Tonight’s headline are Shiiine returners Shed Seven, amazingly twenty four years down the line but – with a new album out in 2017 – still very much on the scene. They always attract a large crowd here, with Rick Wittter’s sinewy snake-hipped dancing and a back catalogue of anthemic crowd pleasers. They may not be this reviewer’s first choice but they’re a great live band and perfect for tonight’s crowd.

This weekend however, is all about pacing and plenty of music takes place after the Skyline’s 10 PM curfew if you venture out to the other venues: Centre Stage, Jaks, Reds and Inn on the Green. Tonight Reds see Shiiine’s first outing for 1990s festival favourites anarcho-punk Back to the Planet, more Ska than I remember and great fun for those of us who like a bit of grunge with our dance. A quick peek at Mozza’s favourites, Bradford and it is off to bed, in preparation for day two.


It’s easy to forget that the Shiiine experience isn’t solely about live music and that daylight hours bring plenty of things to do other than sleeping off hangovers: there are the exhibitions (this year a fascinating selection of black and white prints by engaging NME photographer Pete Walsh) and a retrospective featuring grainy gig shots of iconic Baggy dance band Flowered Up, along with press cuttings and original posters. Then there are pub quizzes and an interview with Steve Harrison, manager of The Charlatans and founder of Dead Dead Good Records; not to mention the Pool Parties and Crazy Golf.

Whilst previous years have relegated Cud to the 1 AM slot upstairs at Centre Stage, this year they are promoted to the Skyline, playing the much more reasonable – and less inebriated – afternoon slot.

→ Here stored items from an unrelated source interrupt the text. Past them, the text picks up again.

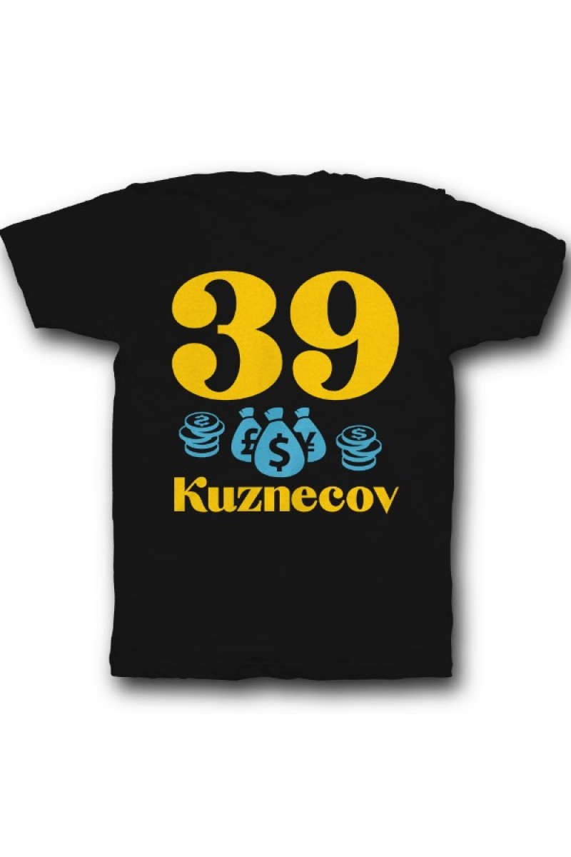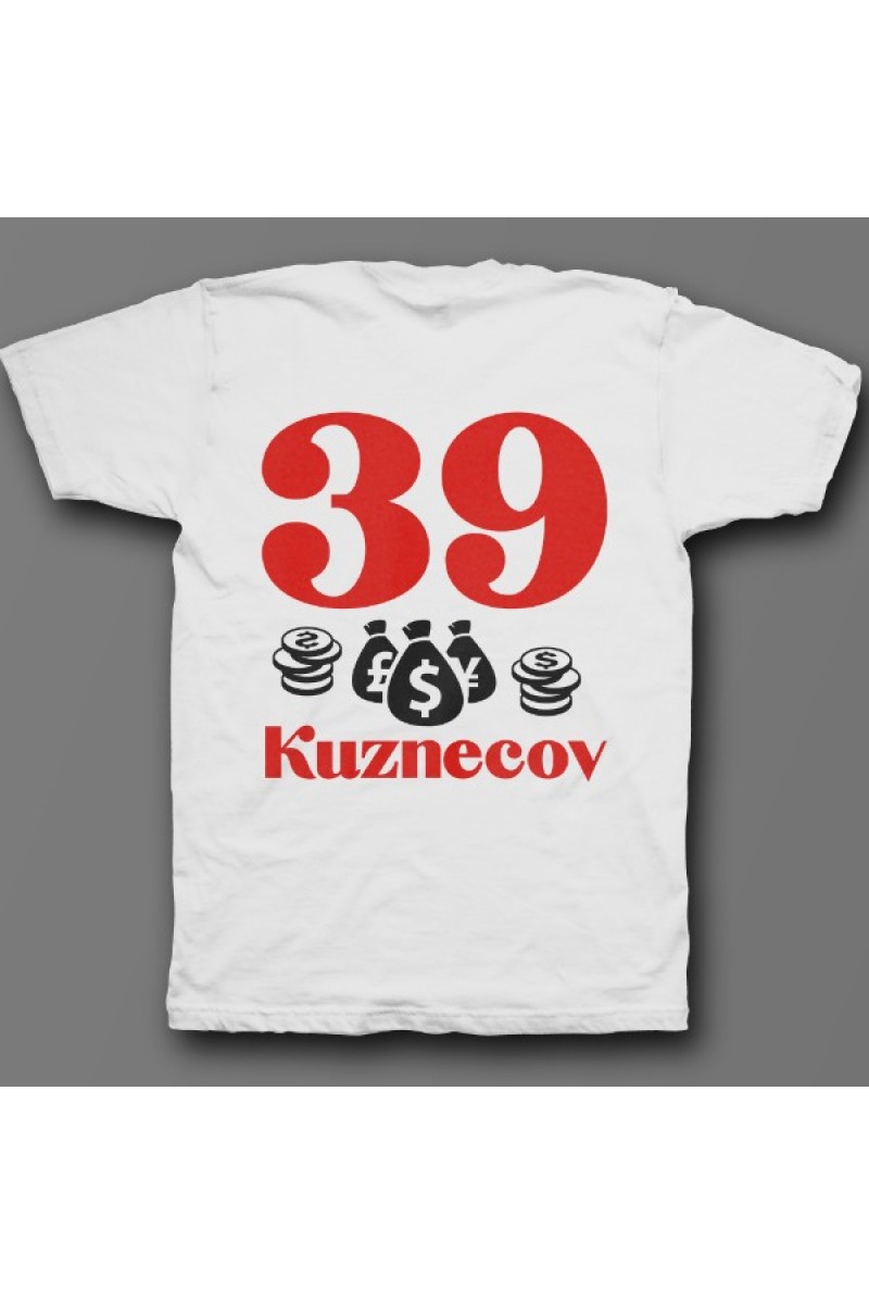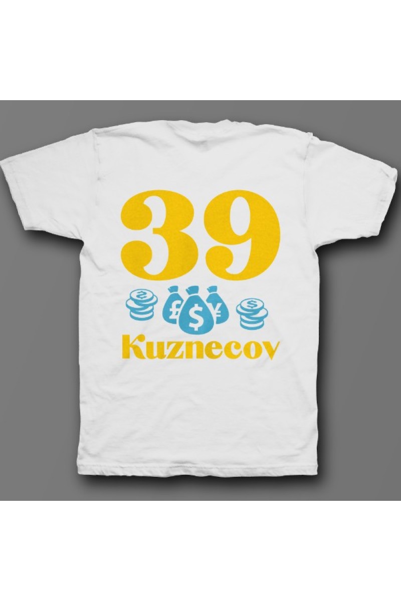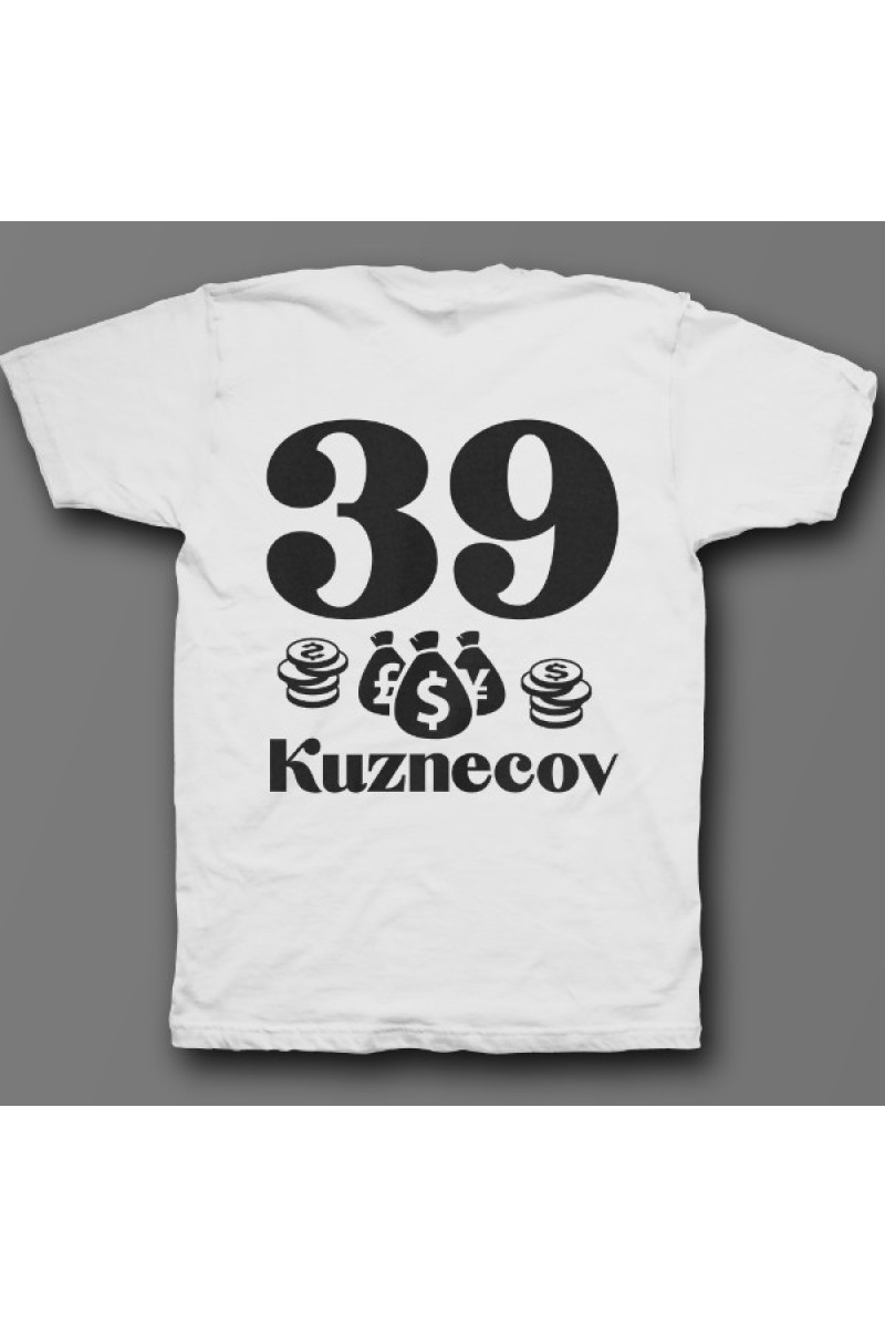 Прикольная именная футболка с мажорным шрифтом. Помимо надписи на футболке есть изображение мешка денег и монет.
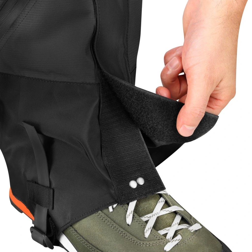 Návleky jsou vyrobeny z pevného nylonu, který je odolný vůči oděru, vlhkosti a povětrnostním vlivům. Poskytuje spolehlivou ochranu, přitom je lehký a pružný, takže nijak neomezuje v pohybu. Horní část je vybavena stahovací gumičkou, která udržuje návleky na místě a zabraňuje jejich sklouzávání během chůze.
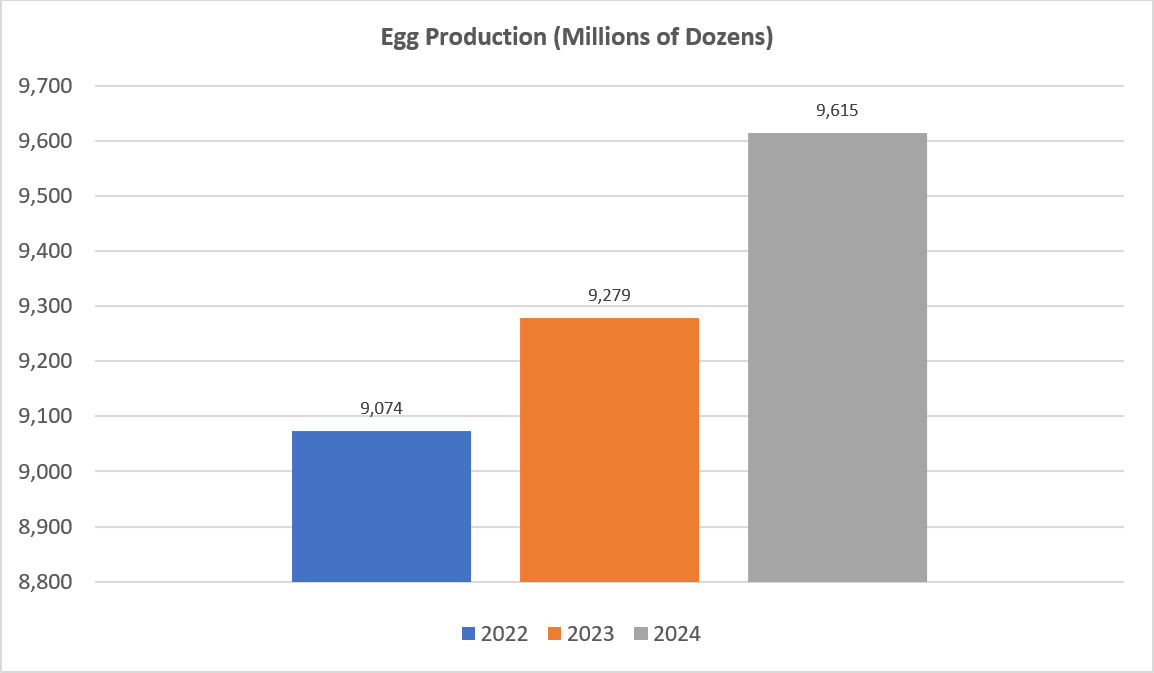 The U.S. produced a little over 9 billion eggs in 2022. Georgia produced 5.2 billion table eggs in 2022. Alabama contributed 2.6 billion, followed by South Carolina at almost 1 billion, and Tennessee at 366 million.5

As ever, their performance is one of perfect pop, “Purple Love Balloon” an explosion of fun to start off Saturday afternoon; Carl Puttnam’s jerky hip thrusts and wildly eccentric stage presence charming his crowd. Cud are a fantastic live band and their current tour of set lists chosen by their fans – Just The Good Ones – is testament to the value they place on their audience; here inviting one of their stalwart fans to join them on stage, with only the logistical issue of getting up there, precluding a full fan invasion.

I hadn’t been aware of The Rifles before the announcement of their Shiiine performance and had been slightly surprised at their inclusion on a bill advertised on the basis of being a predominantly 1990s based music festival. A large crowd had gathered and I am assured by the bunch of lads I get talking to at the front, that I wouldn’t be disappointed. They are right and I’m not. The Rifles are a good twenty five years younger as a band than the majority of performers here, having formed in 2006, but their fast-paced Indie rock style fits well with their cohorts and they’re one of those bands you suddenly realize that you do know after all.. “Local Boy”… ahh yes, that song, that’s a great track!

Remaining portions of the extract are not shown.